Creative reviews were a clumsy ballet. The three teachers paced and ambled with enough lumbering agility not to crash into each other while dissecting the creative offerings on the wall. Each critique was a springboard for personal tangents about people, incidents and favorite ads. The teachers’ free associations were so free that after 10 minutes, they paused, blinked and asked which ad they were assessing.
This was slapstick education so Dane dubbed them “The Three Stooges.”
Yet while Dane belittled the three instructors, he wanted nothing more than to be anointed “The Fourth Stooge.” He tried to make himself more likeable by asking questions after class. His stratagem seemed to pay off. Red-faced Dick, the creative director, praised one of his ads as smart and funny. “If you can do 11 more ads like this I can find you a job at any agency,” he told Dane.
Dane would have been ecstatic about Dick’s good review if he understood why the captious creative director liked this particular ad, which he considered quiet and dry. At any rate, even if he could replicate one ad 11 times without being called a self-cloning El Redundo, didn’t repetition kill creativity?
Despite his reservations, Dane viewed Dick Billings’ approval as a propitious sign that he was “getting it,” which prompted him to send a query letter to creative directors in 50 agencies, including Billings, soliciting an entry-level job. After one class, red-faced Dick told Dane that he had received the letter and pointed out to him that he misspelled David Ogilvy’s name. This seemed more significant to him than the content of the letter, which he characterized as “cheeky.” Dick told Dane that he should find the right way to sell himself.
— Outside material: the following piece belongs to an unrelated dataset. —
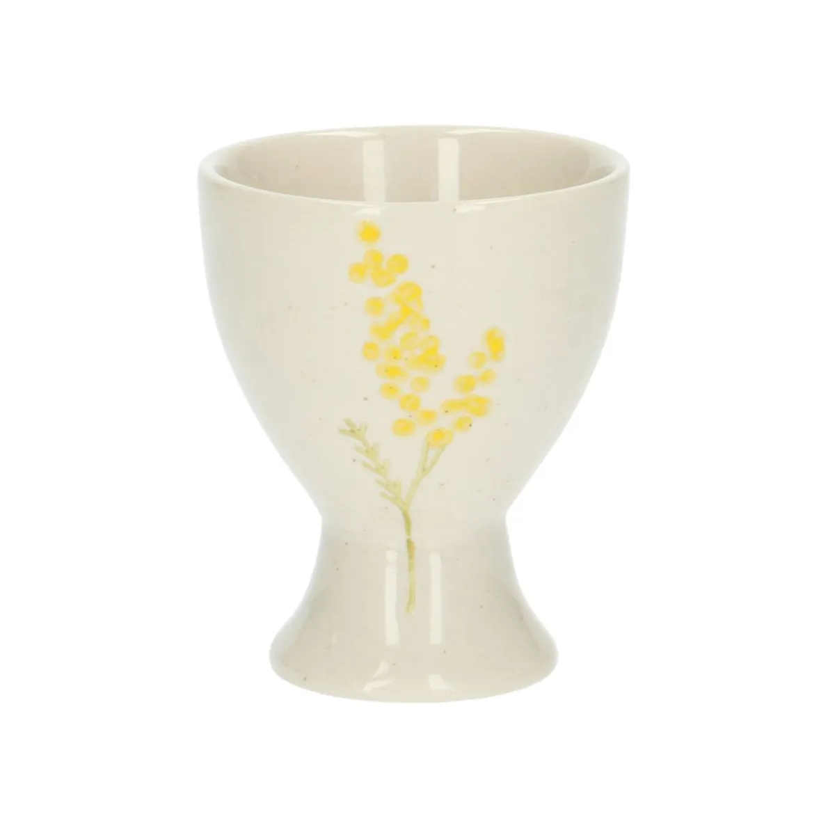 Dit eierdopje is onderdeel van een serviesreeks. Een mimosa servies van steengoed met beige basisglazuur en bruine spikkels. Het mimosapatroon wordt handmatig met een stempel op het servies gedrukt. Het gestempelde gedeelte krijgt een waslaag en daarna een transparante glazuurlaag. In de oven smelt de was weg en zo ontstaat een subtiel reliëf en voelen de illustraties wat ruw aan. Het dessin is een eigen ontwerp van Dille & Kamille! Mooi om te combineren met de andere onderdelen van dit servies.

“How do I do that?” Dane asked eagerly, sensing that at last he would learn something of value.
“Sell yourself. Not your shirt,” red-faced Dick replied, flicking
Dane’s baggy chemise with disdain.r />
10. THE ALIENATOR
For several weeks, the class lurched toward its conclusion without incident. Dane’s concepts received favorable but tepid notice that made him feel less than optimistic about his prospects. He tried to get on the teachers’ good sides, but their bad sides were turned to him at all times. Worry and frustration overwhelmed his internal filtration system and reached toxic levels.
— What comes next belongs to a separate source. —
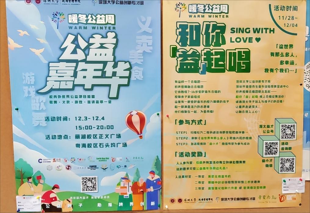 “暖冬公益周”是深圳大学公益慈善校园文化建设品牌活动,由深圳大学公益创新专才班发起,自2020年以来已连续举办三届。2023年暖冬公益周活动将在深圳市民政局指导下,由深圳大学主办,联动全校多个学院及社团,全市三十余家公益慈善组织共同参与活动。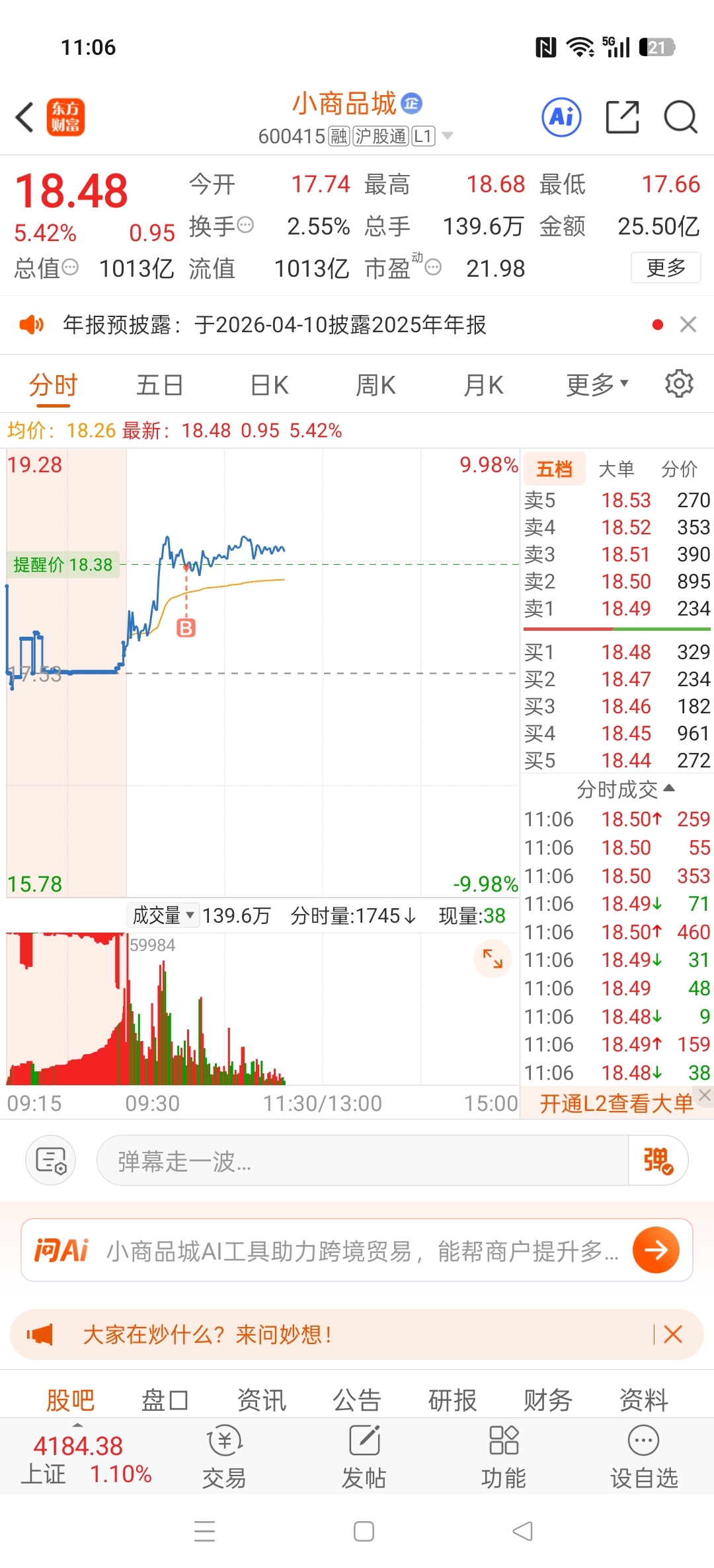 $小商品城(SH600415)$ 38的压力,我是正好买在这个位置,看能不能突出来

Dane became needlessly contentious. During one session the class discussed an assignment for a GPS tracking system. One student wrote the headline, “Map-makers hate our guts.” “The Three Stooges” thought this idea was brilliant since they claimed that most people hated reading maps. That did not sound right to Dane.
“What about the nine million members of the National Geographic Society who love maps?” he asked. “The NGS even offers one as a premium.”
Houlihan, the copywriter, was furious. “That’s what’s wrong with this class. There are too many lawyers. Who cares about National Geographic readers? What the fuck does that have to do with a GPS?”
“Plenty,” Dane replied, “National Geographic readers are affluent and likely to travel. Market research would probably target them as your audience. And don’t forget the millions of AAA members. They’re also avid map-readers.”
“That’s it, I’ve had it. We’re the teachers and if you don’t like it here, then leave!” red-faced Dick cried, his flush deepening to crimson, his neck pulsing like an infection.
“I paid for the class,” Dane objected. “You’re teachers. Do you expect us to passively agree with everything you say and never ask a question or make a relevant point? What kind of education is that? I’m raising a legitimate advertising issue and you’re going ballistic. You have to know your audience, right?”